WHAT IS BEING ASKED
Below are entries. Give back exactly the lines from the one containing "A Saint-Etienne-du-Rouvray, l’islam" through the one containing "客厅通过现代感金属感强的装饰点缀元素来增加空间时尚感。", inclusive, without the pictures.

AVAILABLE RECORDS

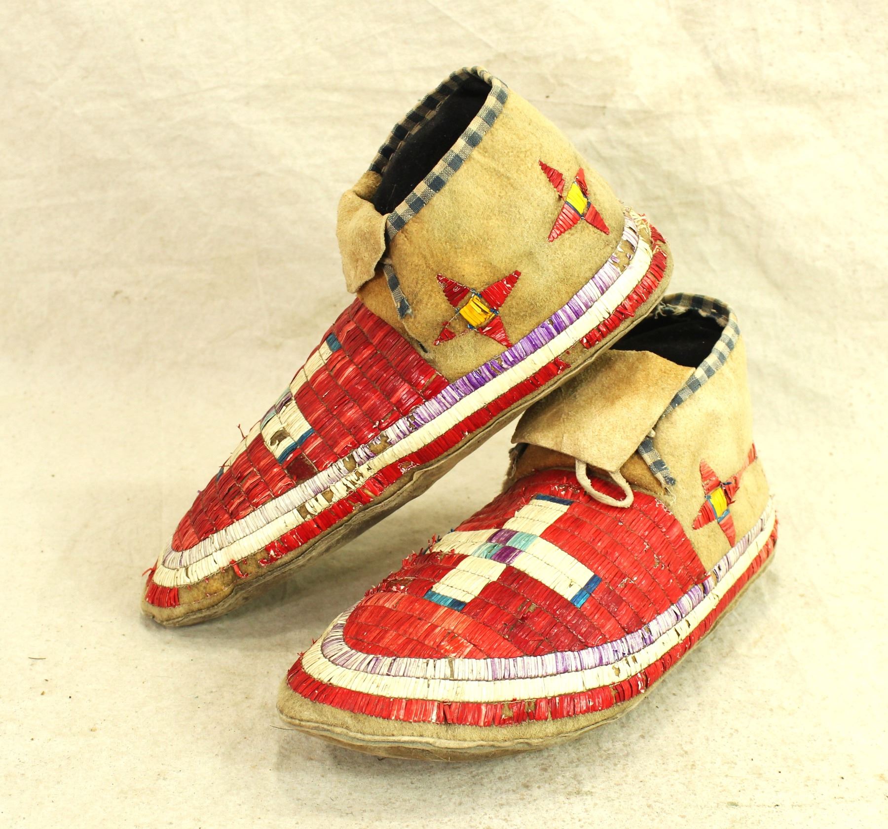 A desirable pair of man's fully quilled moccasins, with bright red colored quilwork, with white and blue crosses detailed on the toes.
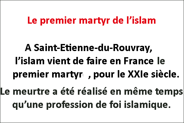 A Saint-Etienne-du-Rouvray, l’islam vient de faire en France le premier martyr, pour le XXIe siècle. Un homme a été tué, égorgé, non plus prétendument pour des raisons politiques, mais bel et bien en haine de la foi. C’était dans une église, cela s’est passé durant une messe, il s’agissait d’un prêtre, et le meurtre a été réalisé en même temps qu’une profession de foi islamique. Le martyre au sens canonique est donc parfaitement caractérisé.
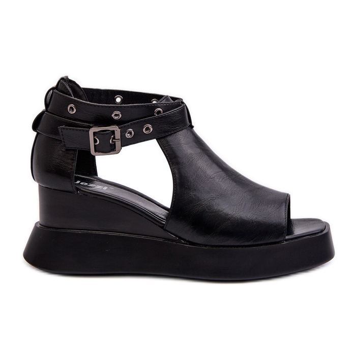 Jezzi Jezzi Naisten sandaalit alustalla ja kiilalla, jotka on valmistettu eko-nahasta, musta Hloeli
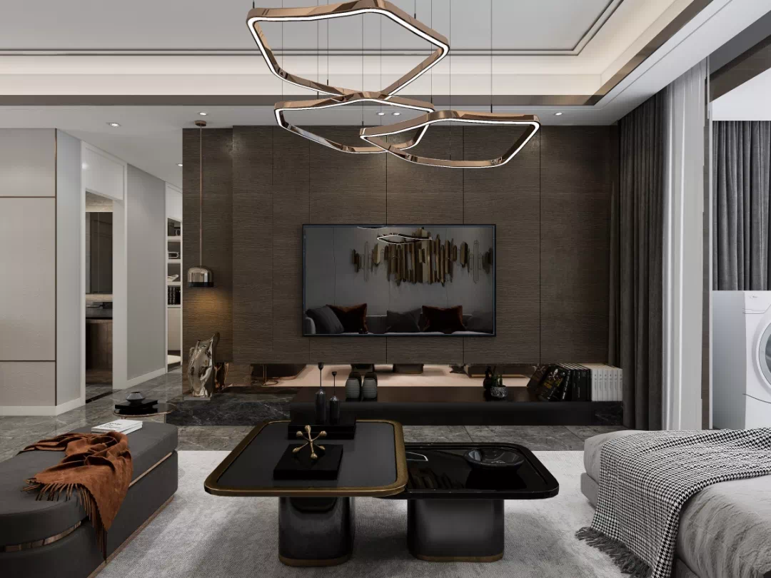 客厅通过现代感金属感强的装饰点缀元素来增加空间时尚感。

...

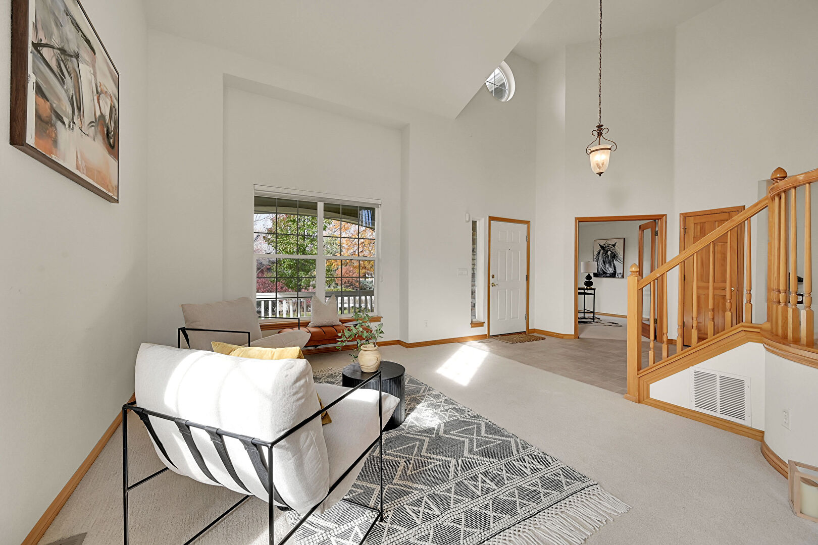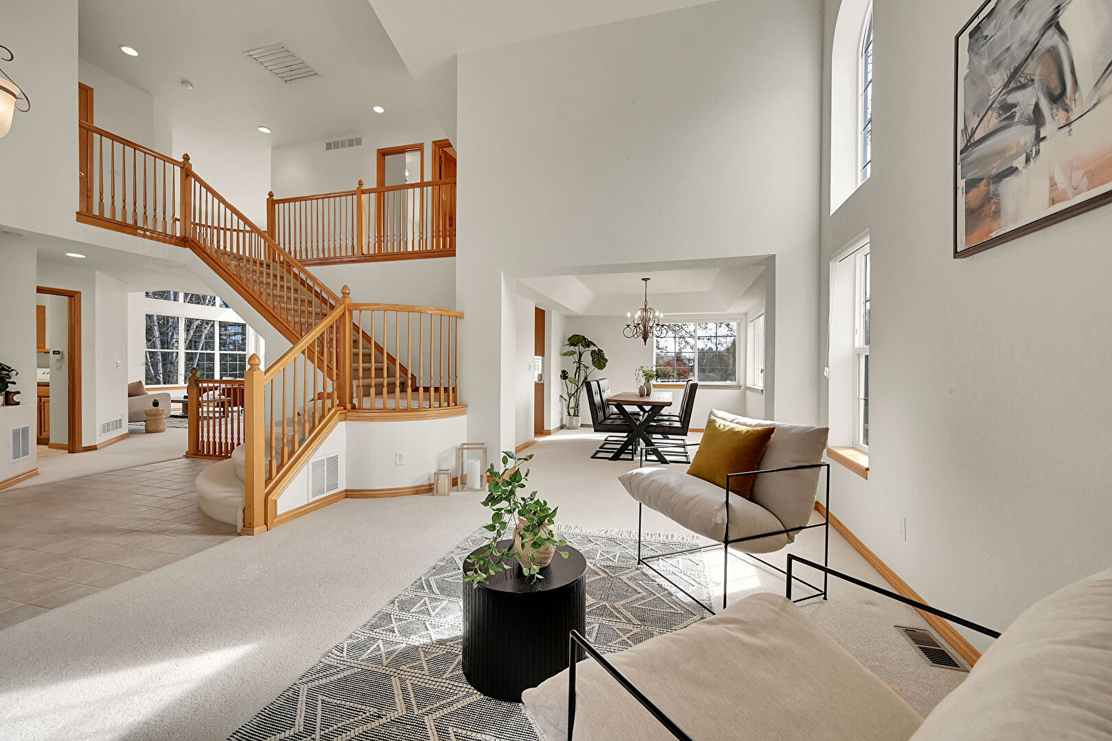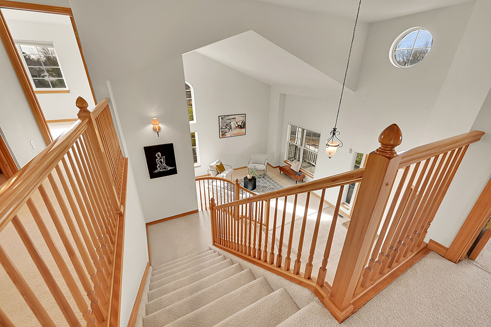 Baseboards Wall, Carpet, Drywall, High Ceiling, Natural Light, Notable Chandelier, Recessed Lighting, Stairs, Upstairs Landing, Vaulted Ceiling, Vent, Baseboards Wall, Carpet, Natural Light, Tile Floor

RESPONSE AREA
 A Saint-Etienne-du-Rouvray, l’islam vient de faire en France le premier martyr, pour le XXIe siècle. Un homme a été tué, égorgé, non plus prétendument pour des raisons politiques, mais bel et bien en haine de la foi. C’était dans une église, cela s’est passé durant une messe, il s’agissait d’un prêtre, et le meurtre a été réalisé en même temps qu’une profession de foi islamique. Le martyre au sens canonique est donc parfaitement caractérisé.
 Jezzi Jezzi Naisten sandaalit alustalla ja kiilalla, jotka on valmistettu eko-nahasta, musta Hloeli
 客厅通过现代感金属感强的装饰点缀元素来增加空间时尚感。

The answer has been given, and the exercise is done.